Yes, I am doubting myself. I am not doubting God. Not at all. But what if I just misinterpretted a few signs here and there? What if this isn't what i'm supposed to be doing? What if I'm in the wrong major and what if I'm pursuing the wrong goals? To truly do well in my field I will have to be annointed by God. He will have to be my blessing and give me insight and wisdom. And wha if this isn't what he has in mind for me? What if I am just lost and confused? It wouldn't be the first time. I thought God was telling me a lot of things this year that I suppose weren't true. At least all those doors slammed shut in my face in a hurry.
Why do I have to doubt? I suppose it is good. I will explore all my options once again and hopefully will fall back on the same ground I'm on now. Everything makes perfect sense... but is that what God wants? Maybe God just wants me to jump and not look forward and surely not look behind. I just need to take a leap of faith. And have faith. Period. Not analyze. Not question. And not research.

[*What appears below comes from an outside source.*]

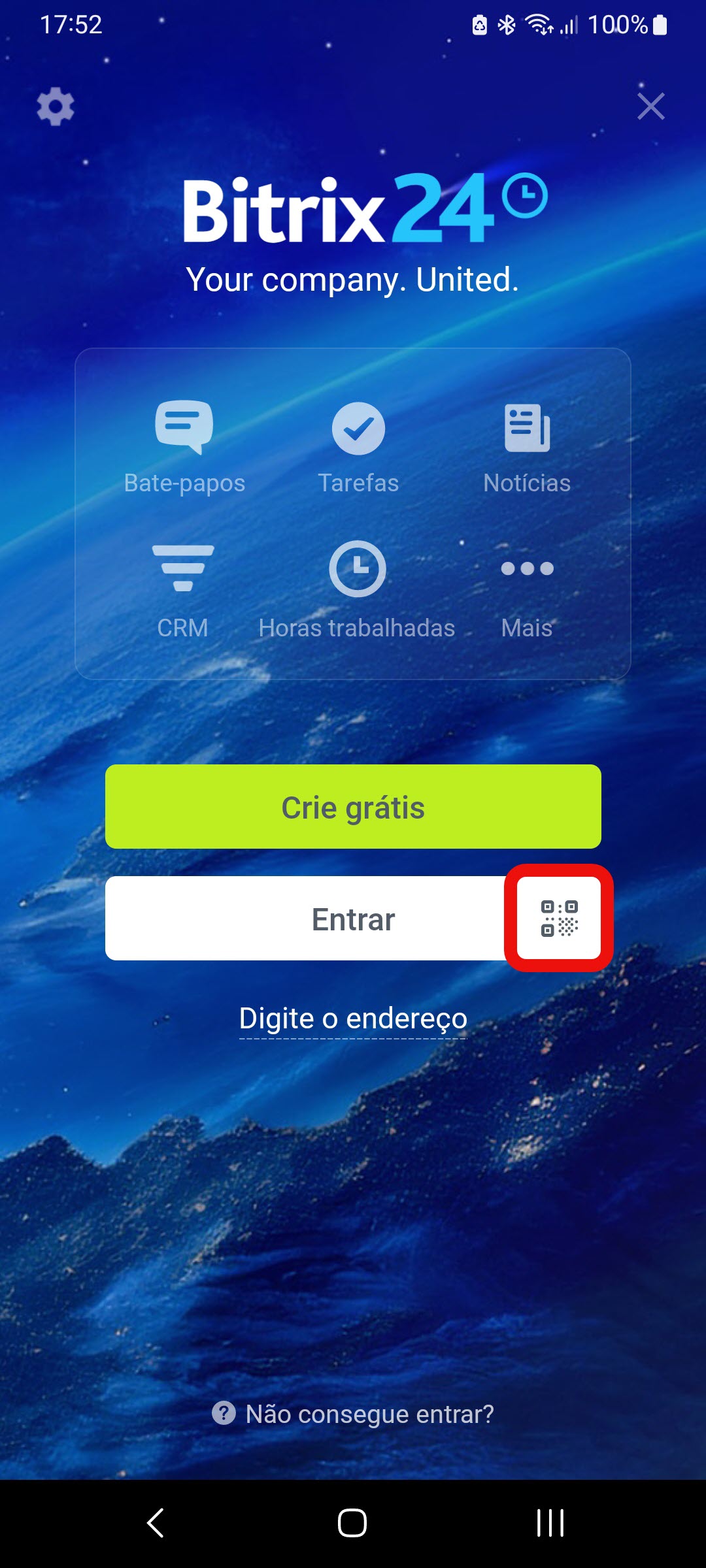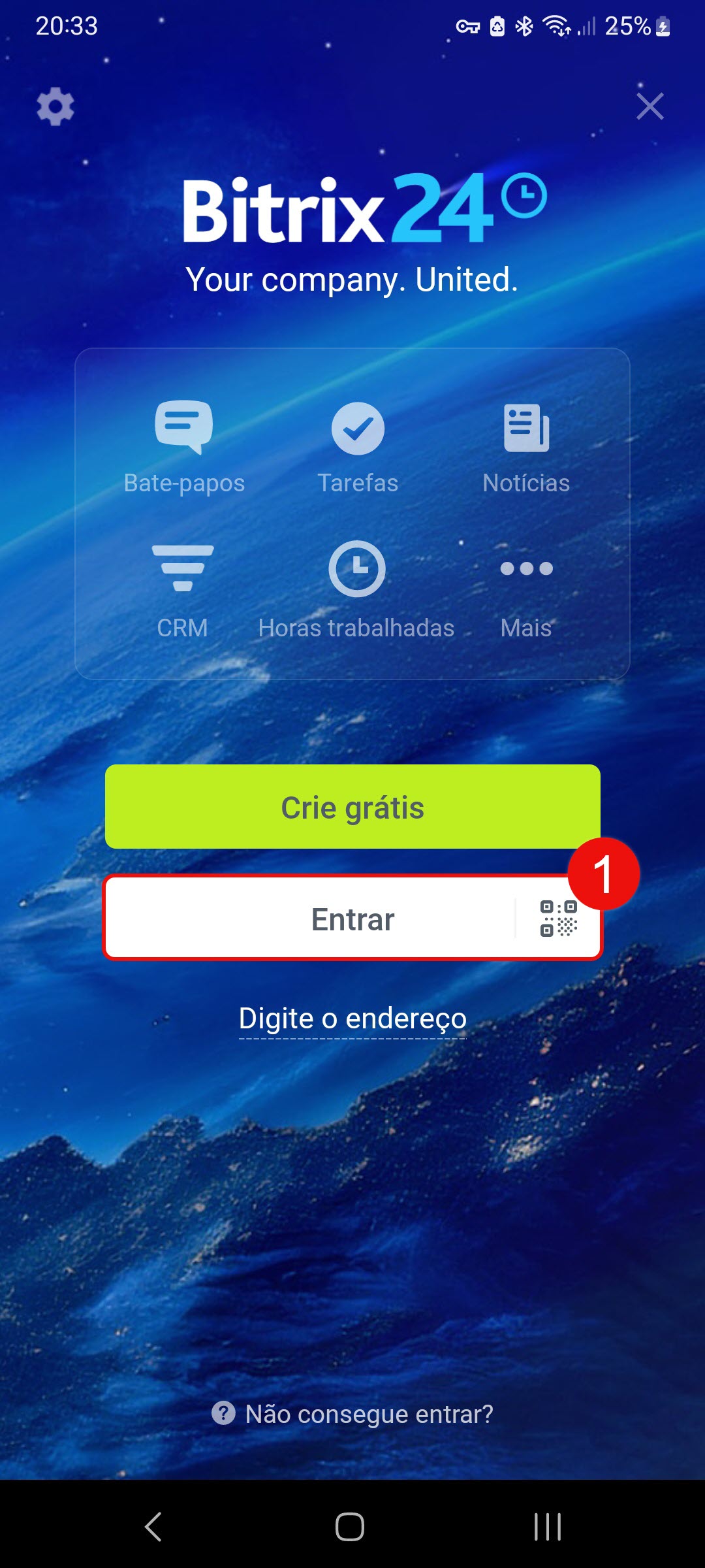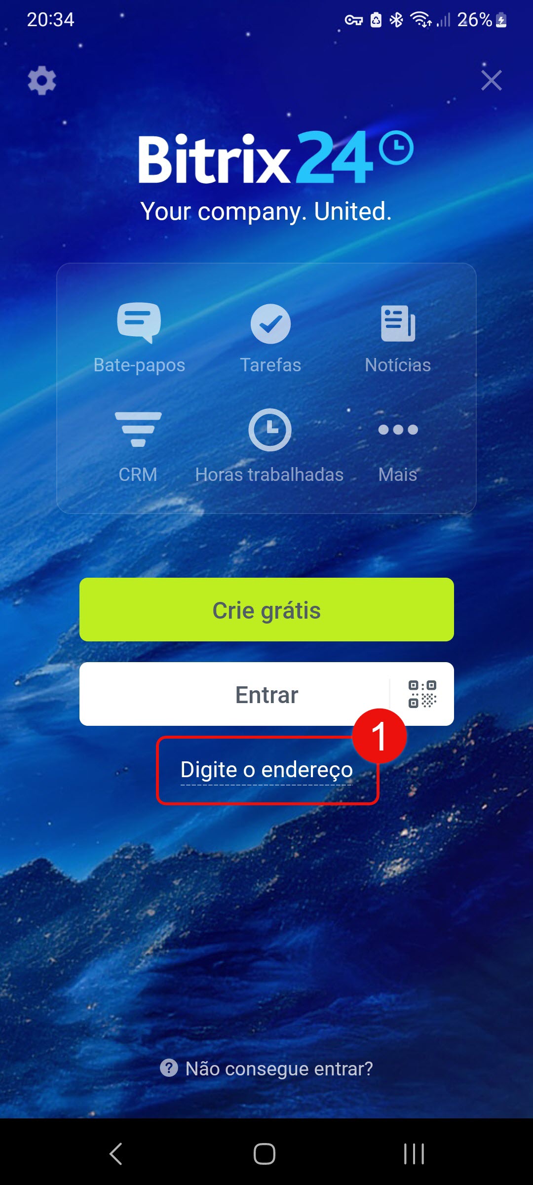 Abra o aplicativo e escolha como acessar o Bitrix24:

Oh dearie me. Lots ot do. Lots to think about. But first, sleep. I need sleep.

Prayer request: I have been having a sharp pain on my left side right along my ribs for the past weekend. It hasn't died down any. I called my dad (a doctor) and asked him about it but there's not much he can do when I'm in virginia and he's in michigan. I don't know what it is and nothing has helped. Not motrins or advils or heating packs or massages. I have this amazing little massager thing that usually helps with any knots or ailments... but it just hasn't helped this one. I don't know what the problem is. Maybe something serious. My dear friend, Kristin, stands at the ready for me to come banging on her door at any hour of the day needing to make an emergency trip to the hospital. Until then... please pray. It's aggravating and painful and uncomfortable. I have J.Crew training coming up which most everybody knows is super intense. And it's right in the middle of exams. Just what i need, added stress. And this side pain definitely won't help. Maybe it will be gone by next week when I start my three week training. How fun. NOT.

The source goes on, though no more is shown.